Work order: From the records below, output exactly the lines starting at the line with "3月7日,林肯大学马来西亚学" and ending at the line with "В ведерко хлебопечки", both of them included, but no pictures.
____ Supplied records
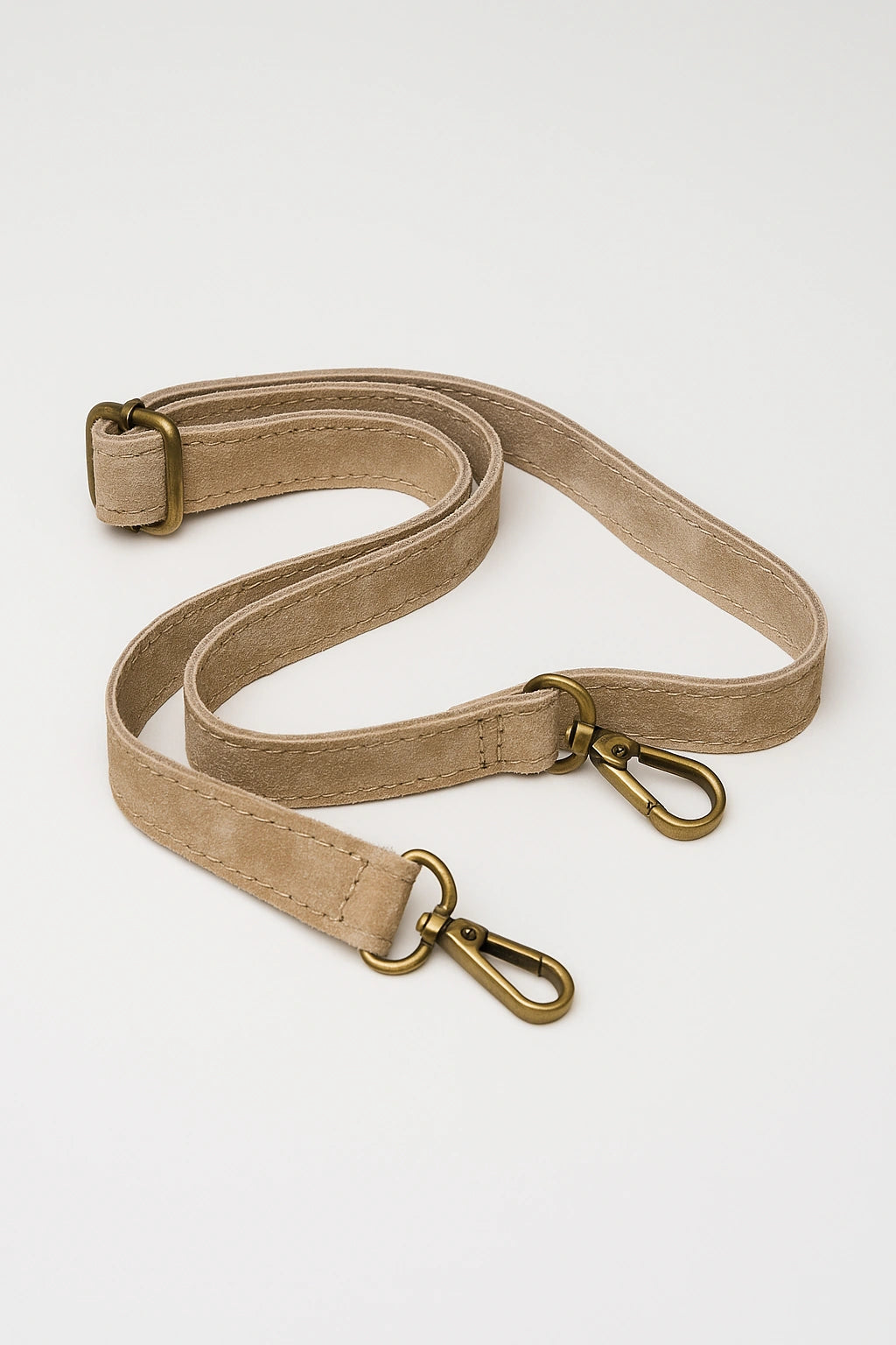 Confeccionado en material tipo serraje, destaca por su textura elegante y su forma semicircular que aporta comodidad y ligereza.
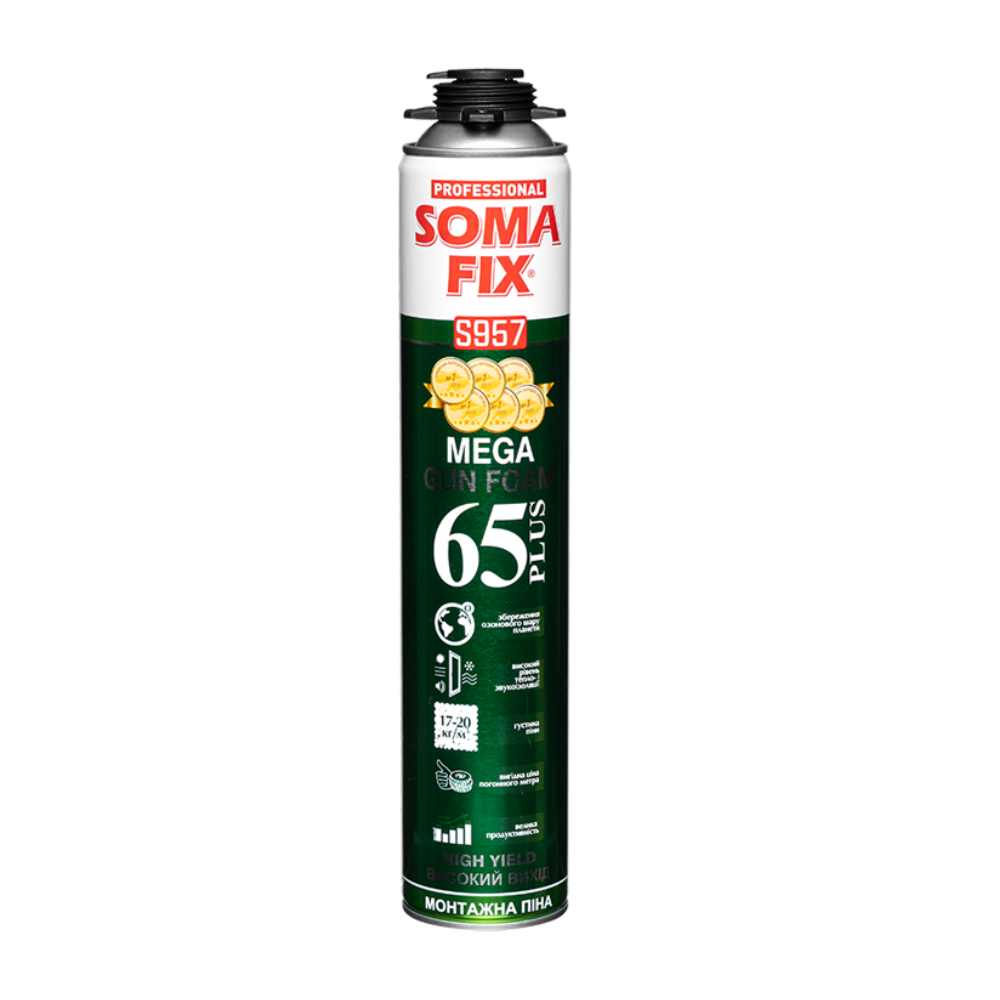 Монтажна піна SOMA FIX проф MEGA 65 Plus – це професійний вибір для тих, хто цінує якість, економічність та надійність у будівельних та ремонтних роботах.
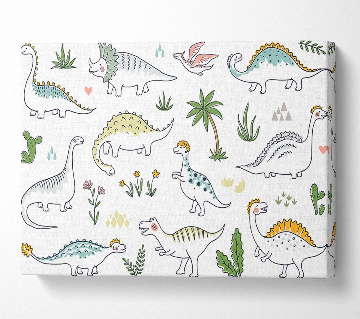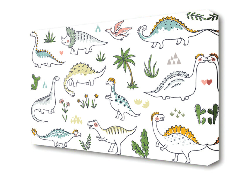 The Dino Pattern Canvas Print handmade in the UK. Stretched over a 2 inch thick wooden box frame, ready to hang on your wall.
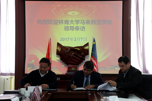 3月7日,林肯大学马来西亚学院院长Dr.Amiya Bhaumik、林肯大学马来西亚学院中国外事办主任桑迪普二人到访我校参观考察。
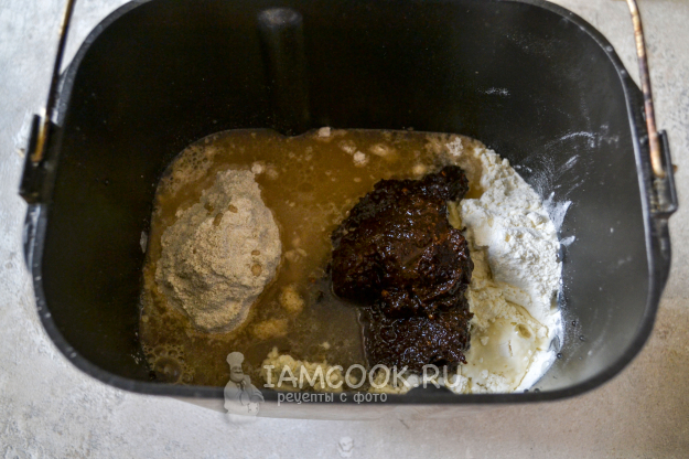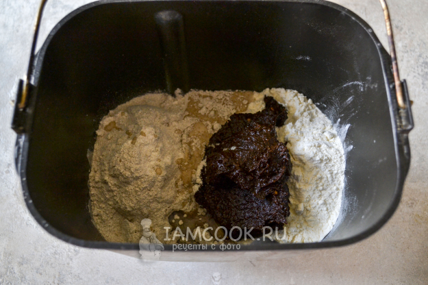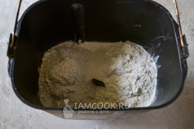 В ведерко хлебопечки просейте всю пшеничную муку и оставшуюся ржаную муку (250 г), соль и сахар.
________
____ Supplied records
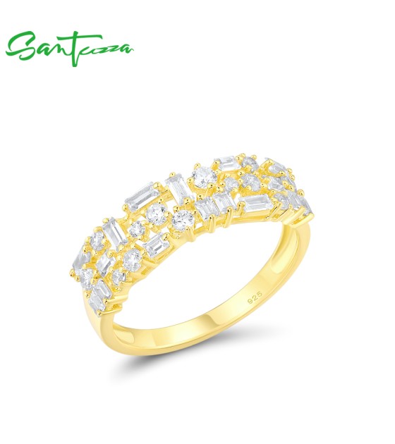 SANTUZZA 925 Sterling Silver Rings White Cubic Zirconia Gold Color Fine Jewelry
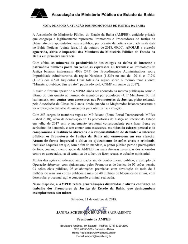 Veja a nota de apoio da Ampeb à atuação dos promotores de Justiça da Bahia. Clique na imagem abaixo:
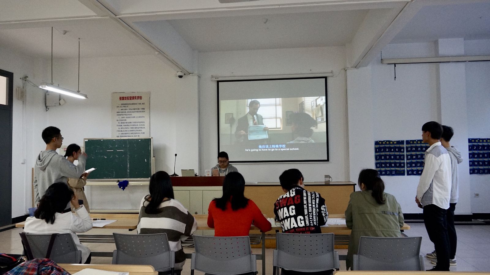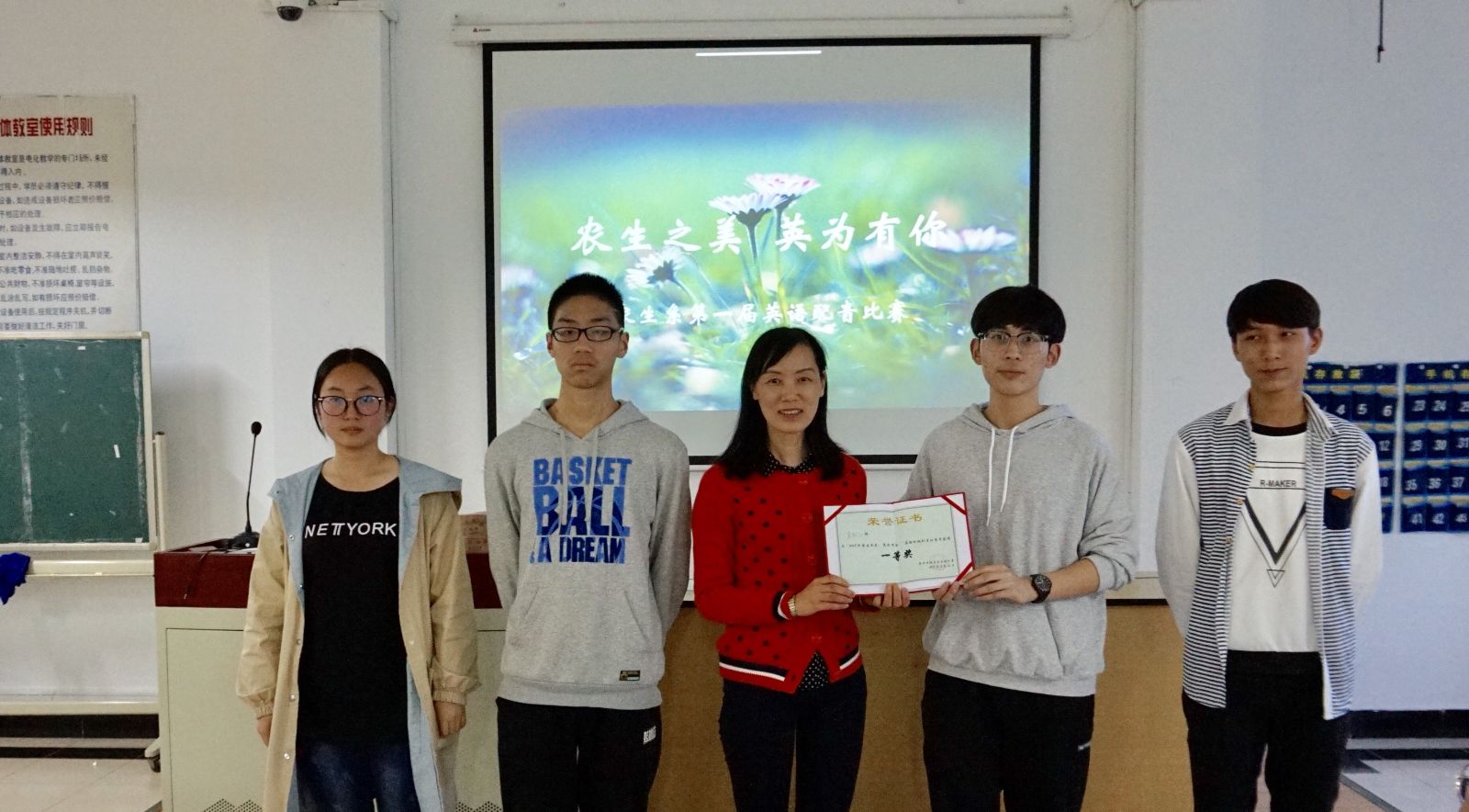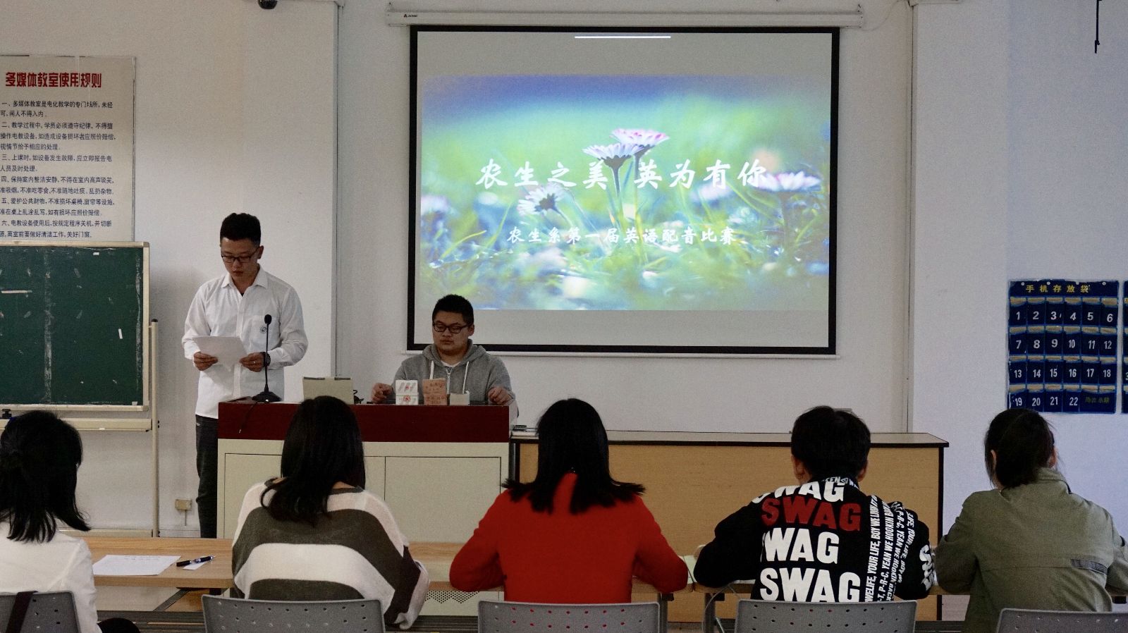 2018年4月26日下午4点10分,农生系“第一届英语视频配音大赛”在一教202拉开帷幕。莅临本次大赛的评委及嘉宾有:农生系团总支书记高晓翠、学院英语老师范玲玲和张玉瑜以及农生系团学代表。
________
Expected answer:
 3月7日,林肯大学马来西亚学院院长Dr.Amiya Bhaumik、林肯大学马来西亚学院中国外事办主任桑迪普二人到访我校参观考察。
 В ведерко хлебопечки просейте всю пшеничную муку и оставшуюся ржаную муку (250 г), соль и сахар.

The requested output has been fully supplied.